PhiSpy version: 4.1rc12


### Define your genbank file here.

You may need to set the full path to the file. You can use gzip compressed file or an uncompressed file. Obviously, you will know whether it is compressed or not, but this demonstrates how PhiSpy determines when a file is compressed.

**This should be the only line you need to change to run PhiSpy completely!**

In [3]:
genbankfile = "../test_genbank_files/Yersinia_pestis_KIM.gb.gz"

### Parse the file

We use BioPython to parse the file, but we also add a few additional mehtods to the standard BioPython object to ease parsing.
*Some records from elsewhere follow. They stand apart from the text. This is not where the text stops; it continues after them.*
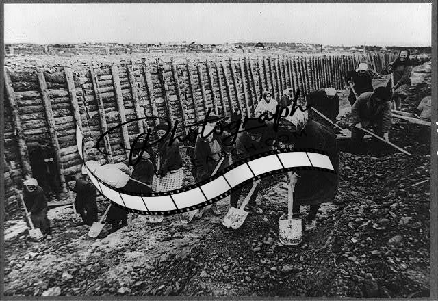 Leningrad inhabitants,women,Petrov,munition worker,shovels,anti-tank ditch,1941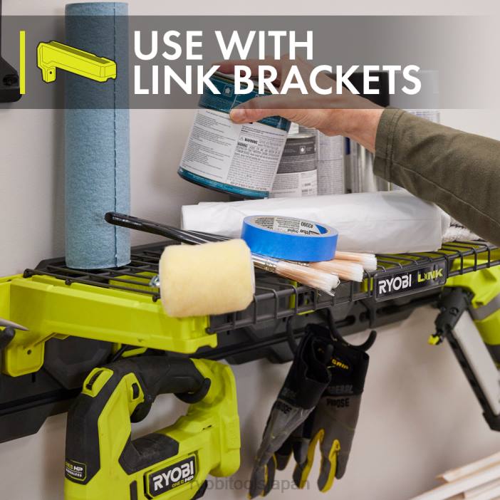 リョービ リンク モジュラー ストレージ システムはストレージ業界に革命をもたらし、日常生活の整理、アクセス、輸送を可能にします。リョービ リンク 21 インチ ワイヤー シェルフは、リンク 2-in-1 シェルフ ブラケットと一緒に使用するように設計されています。2 つの 2-in-1 ブラケットを使用して 1 つのシェルフを保持するか、3 番目のブラケットを追加して 2 つのシェルフを隣り合わせに保持し、共有します中央のブラケットは、3.5 フィートの棚スペースを提供します。追加のブラケットと棚を 1 つ続けて追加して、棚システムを拡張していきます。棚はブラケットの上に高くなっているので、追加の収納用に棚の下の壁レールにフックを設置できます。ワイヤーフォームデザインにより通気性が向上し、すべての素材を乾燥した状態に保ちます。何よりも、これはリョービリンクモジュラーストレージシステム製品ラインの一部であり、ame ロック技術により、モバイルと据え置き型のストレージのニーズをシームレスに接続します。リョービ リンク モジュラー ストレージ システムでスペースを所有しましょう。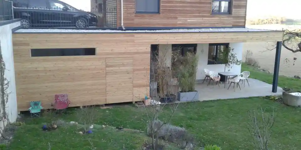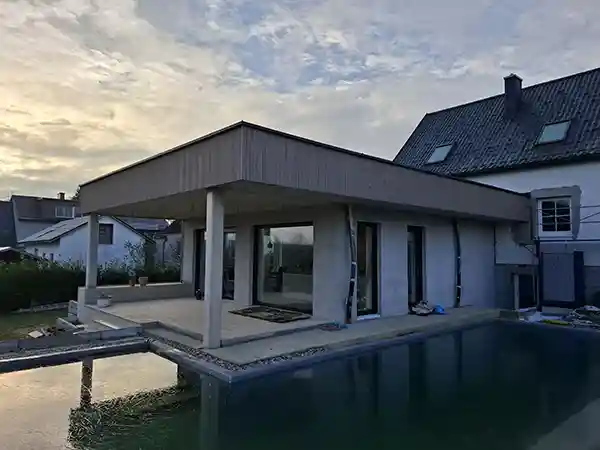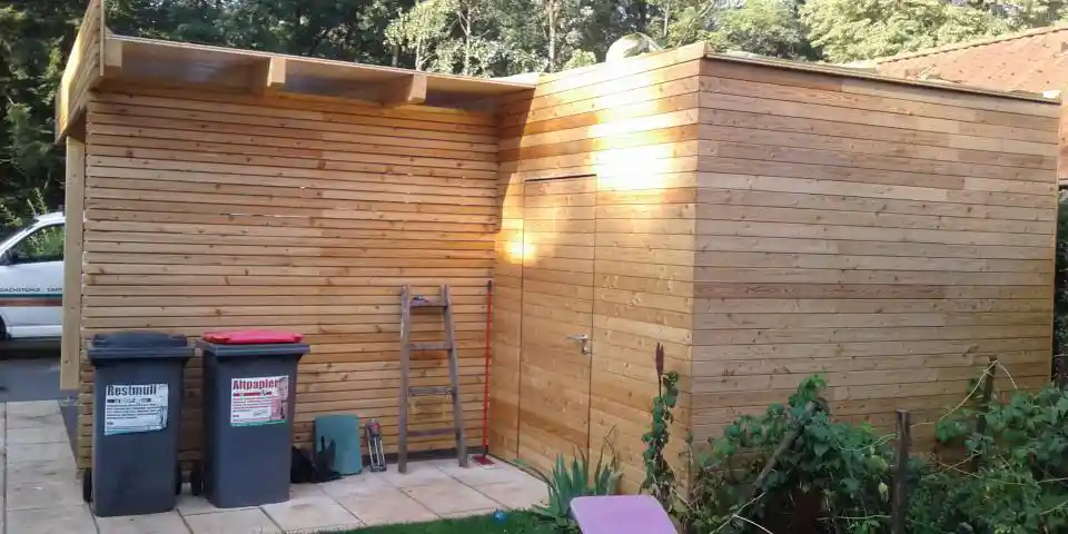 Nach dem kalten und längeren Winter errichteten wir eine Sitzplatzüberdachung für gemütliche Stunden. Die Kombination mit einem praktischen Abstellraum macht das Vorhaben besonders sinnvoll. Das Flachdach würde mit einer Gefälledämmung auf der gehobelten Unterkonstruktion ausgestattet und die Außenverkleidung mit einer schönen Lärchen- Nut+ Feder Schalung versehen.

We also merge or split compound features (those with more than one location along the chromosome) to appropriately handle them.

Our `record` object is an extended `SeqIO.parse` object.

In [4]:
min_contig_size = 1000

if PhiSpyModules.is_gzip_file(genbankfile):
    handle = gzip.open(genbankfile, 'rt')
else:
    handle = open(genbankfile, 'r')

record  = PhiSpyModules.SeqioFilter(filter(lambda x: len(x.seq) > min_contig_size, SeqIO.parse(handle, "genbank")))
handle.close()

# we check to make sure there are some contigs left to process
ncontigs = reduce(lambda sum, element: sum + 1, record, 0)
print(f"There are {ncontigs} contigs to predict prophages on!")

There are 6 contigs to predict prophages on!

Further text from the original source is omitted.